* **Raw data**:
━━━
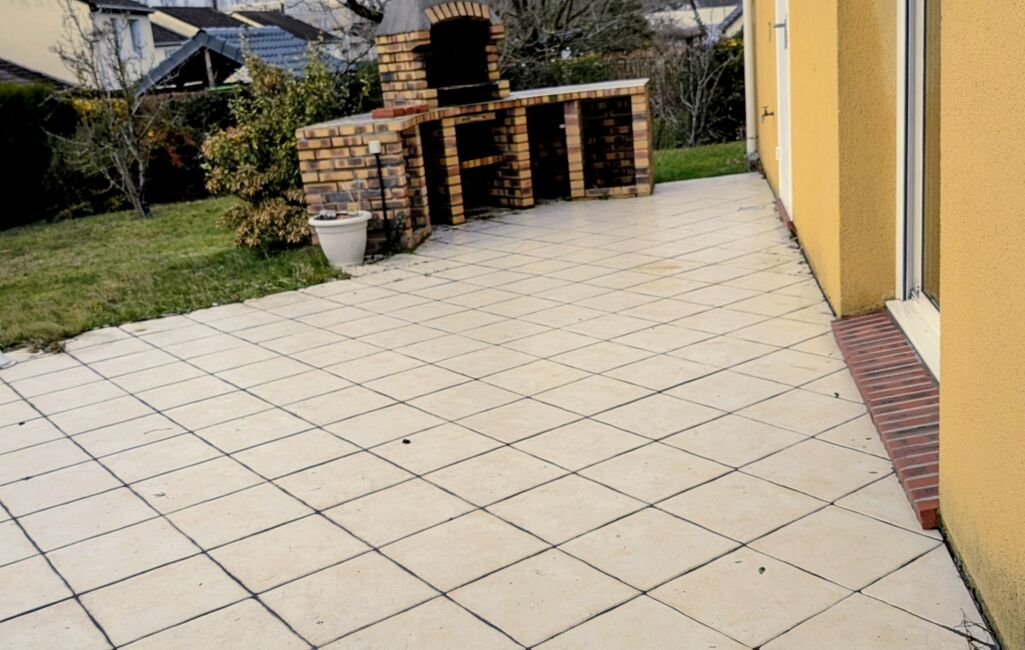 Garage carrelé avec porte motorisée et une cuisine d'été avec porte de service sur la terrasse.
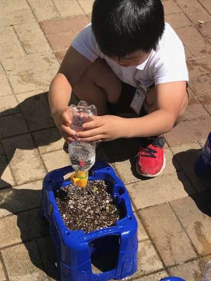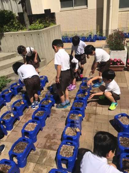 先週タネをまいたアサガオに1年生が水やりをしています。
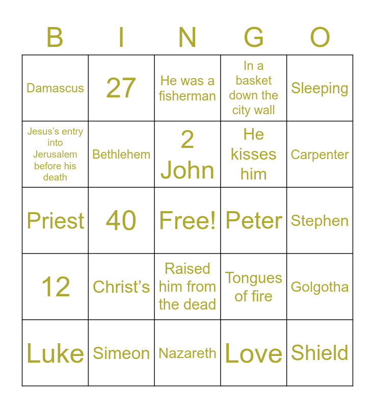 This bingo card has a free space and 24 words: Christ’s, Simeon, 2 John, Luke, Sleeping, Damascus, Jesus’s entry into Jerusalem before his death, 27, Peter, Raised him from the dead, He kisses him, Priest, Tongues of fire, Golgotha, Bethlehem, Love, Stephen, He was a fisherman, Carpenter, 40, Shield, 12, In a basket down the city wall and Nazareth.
━━━
Leave the pictures aside and print exactly, and only, the lines from the one with "先週タネをまいたアサガオに1年生が水やりをしています。" through the end of the data, both included.

 先週タネをまいたアサガオに1年生が水やりをしています。
 This bingo card has a free space and 24 words: Christ’s, Simeon, 2 John, Luke, Sleeping, Damascus, Jesus’s entry into Jerusalem before his death, 27, Peter, Raised him from the dead, He kisses him, Priest, Tongues of fire, Golgotha, Bethlehem, Love, Stephen, He was a fisherman, Carpenter, 40, Shield, 12, In a basket down the city wall and Nazareth.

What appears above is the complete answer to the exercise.